How the same person is both God and man is a mystery we affirm without fully understanding it. This is without a doubt the great mystery of godliness: God manifested in the flesh ( 1 Tim 3.16 ). However, it is certainly a truth that Scripture teaches when it declares that Christ is God blessed eternally above all, while being descended from the Jewish people, according to the flesh ( Rom 9.5 ). Jesus is the Mediator theanthropos , the God-man: equal and consubstantial with the Father as to divinity ( Phil 2.6 ), equal and consubstantial with men as to humanity with the exception of sin ( Rom 8.3 ).
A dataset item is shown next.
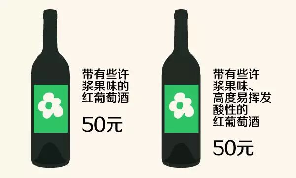 (1)听起来比(2)更有吸引力,谁会想到(1)中的葡萄酒会比(2)中的品质更优呢?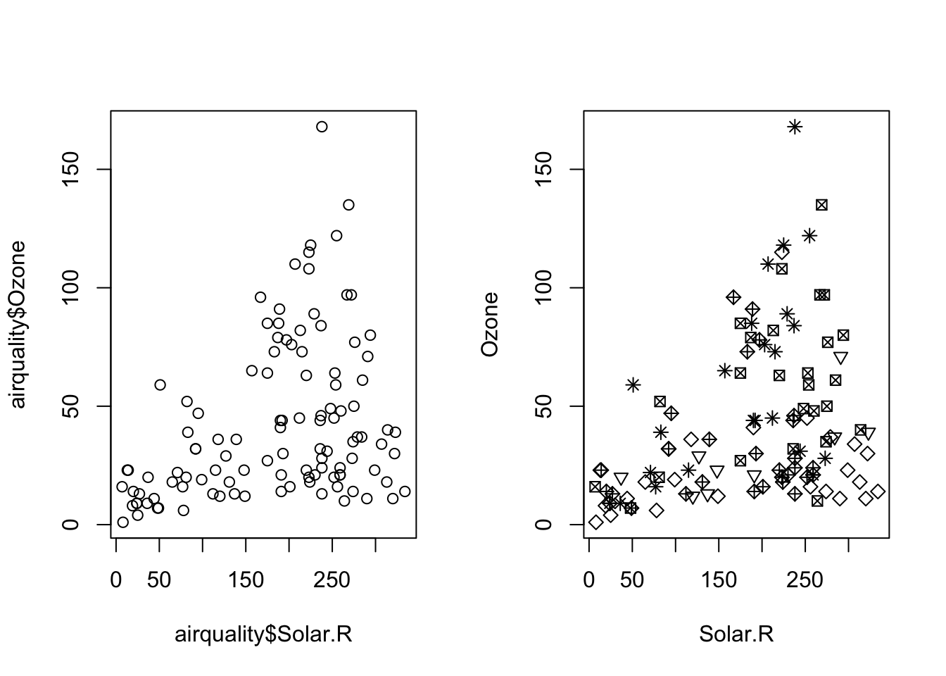 # Scatterplotpar(mfrow =c(1,2))plot(airquality$Solar.R, airquality$Ozone)# plot(Ozone ~ Solar.R, data = airquality) #the same# different symbol for each monthplot(Ozone ~ Solar.R, data = airquality, pch = Month)

The hypostatic union allows us to affirm that Jesus, as to his humanity, was not a superman, he was not a half-god man. Jesus, as to his humanity, was an ordinary man like us, the confession goes so far as to say that he " assumed human nature with all its essential characteristics and common weaknesses, but, however, without sin ". Before his resurrection in the flesh, Jesus shared fallen (but not depraved) human nature. His human nature was not homoiousios (of a similar nature), but homoousios (of the same nature) to ours except for sin.In other words, before the resurrection, Christ had weak, corruptible, and mortal flesh. But by his obedience he obtained, at the resurrection, a flesh full of strength, incorruptible and immortal ( 1 Cor 15.43 , 53 ). The characteristics of Christ's human nature before his resurrection were not those of Adam before the fall, but those of Adam after the fall, minus the sin.
This is therefore to say the humiliation to which the Eternal Son consented by appearing " like a simple man " and by humbling himself " until death on the cross " ( Phil 2.7-8 ). But the Mediator, having accomplished his mission, raised human nature to the glorious condition to which God had destined it ( 1 Cor 15:24-28 ; Phil 2:9-11 ). Jesus Christ man currently exists in this majestic and glorious condition, he is, as a man ( 1 Tim 2.5 ), Lord and King over all the works of God.